* [WHAT THE TASK REQUIRES]: Please reproduce the records below exactly, omitting any pictures they contain.

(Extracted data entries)
+ + + +

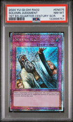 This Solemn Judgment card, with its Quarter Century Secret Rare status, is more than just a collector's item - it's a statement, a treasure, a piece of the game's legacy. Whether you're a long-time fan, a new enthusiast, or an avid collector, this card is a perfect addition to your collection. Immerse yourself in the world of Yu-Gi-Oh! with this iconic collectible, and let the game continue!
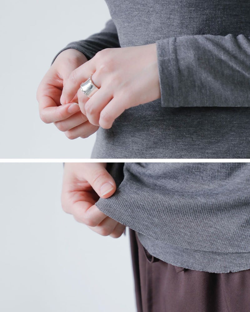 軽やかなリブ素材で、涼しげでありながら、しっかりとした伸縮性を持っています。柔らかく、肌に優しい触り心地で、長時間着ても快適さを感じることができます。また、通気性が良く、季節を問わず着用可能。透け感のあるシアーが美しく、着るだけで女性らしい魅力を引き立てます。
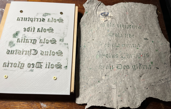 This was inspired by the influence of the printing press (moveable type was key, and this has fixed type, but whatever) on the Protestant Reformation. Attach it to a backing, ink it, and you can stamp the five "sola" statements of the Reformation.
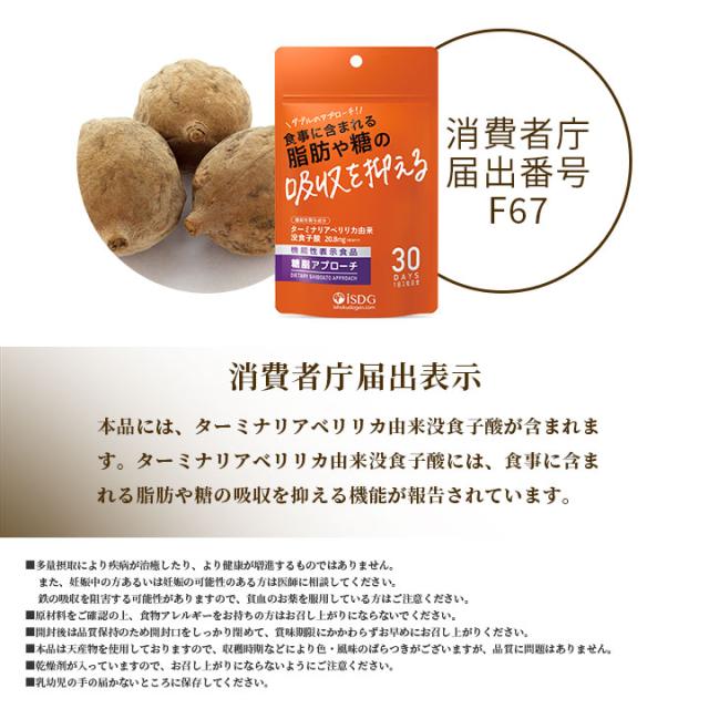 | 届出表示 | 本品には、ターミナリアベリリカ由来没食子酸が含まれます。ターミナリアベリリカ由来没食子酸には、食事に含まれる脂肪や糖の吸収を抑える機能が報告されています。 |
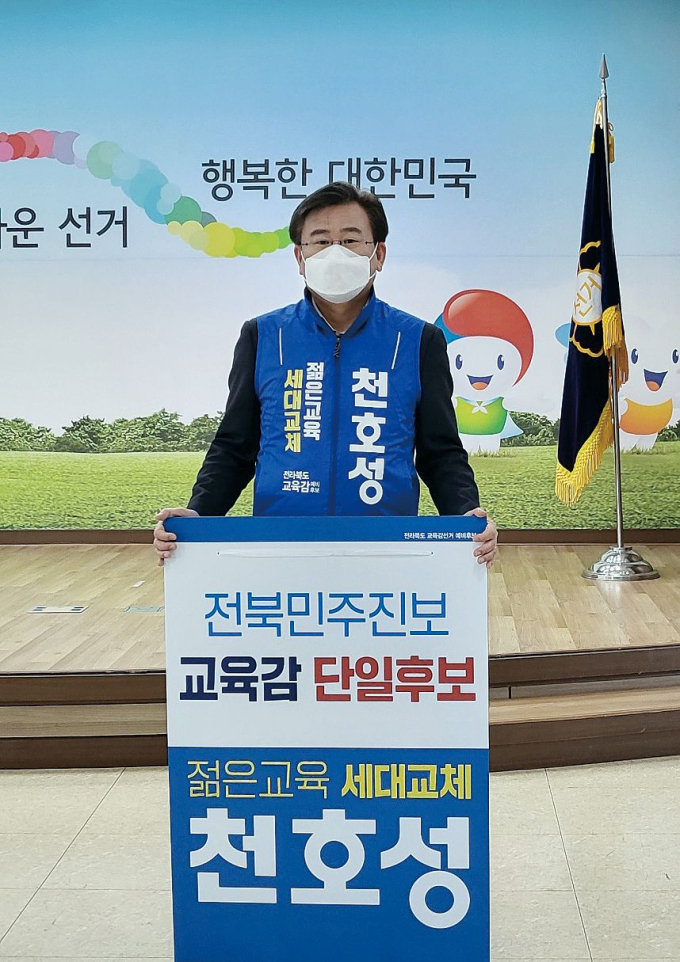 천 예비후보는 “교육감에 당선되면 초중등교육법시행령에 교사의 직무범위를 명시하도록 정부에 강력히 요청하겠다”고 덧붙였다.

+ + + +

* [WRITTEN REPLY]:
 This Solemn Judgment card, with its Quarter Century Secret Rare status, is more than just a collector's item - it's a statement, a treasure, a piece of the game's legacy. Whether you're a long-time fan, a new enthusiast, or an avid collector, this card is a perfect addition to your collection. Immerse yourself in the world of Yu-Gi-Oh! with this iconic collectible, and let the game continue!
 軽やかなリブ素材で、涼しげでありながら、しっかりとした伸縮性を持っています。柔らかく、肌に優しい触り心地で、長時間着ても快適さを感じることができます。また、通気性が良く、季節を問わず着用可能。透け感のあるシアーが美しく、着るだけで女性らしい魅力を引き立てます。
 This was inspired by the influence of the printing press (moveable type was key, and this has fixed type, but whatever) on the Protestant Reformation. Attach it to a backing, ink it, and you can stamp the five "sola" statements of the Reformation.
 | 届出表示 | 本品には、ターミナリアベリリカ由来没食子酸が含まれます。ターミナリアベリリカ由来没食子酸には、食事に含まれる脂肪や糖の吸収を抑える機能が報告されています。 |
 천 예비후보는 “교육감에 당선되면 초중등교육법시행령에 교사의 직무범위를 명시하도록 정부에 강력히 요청하겠다”고 덧붙였다.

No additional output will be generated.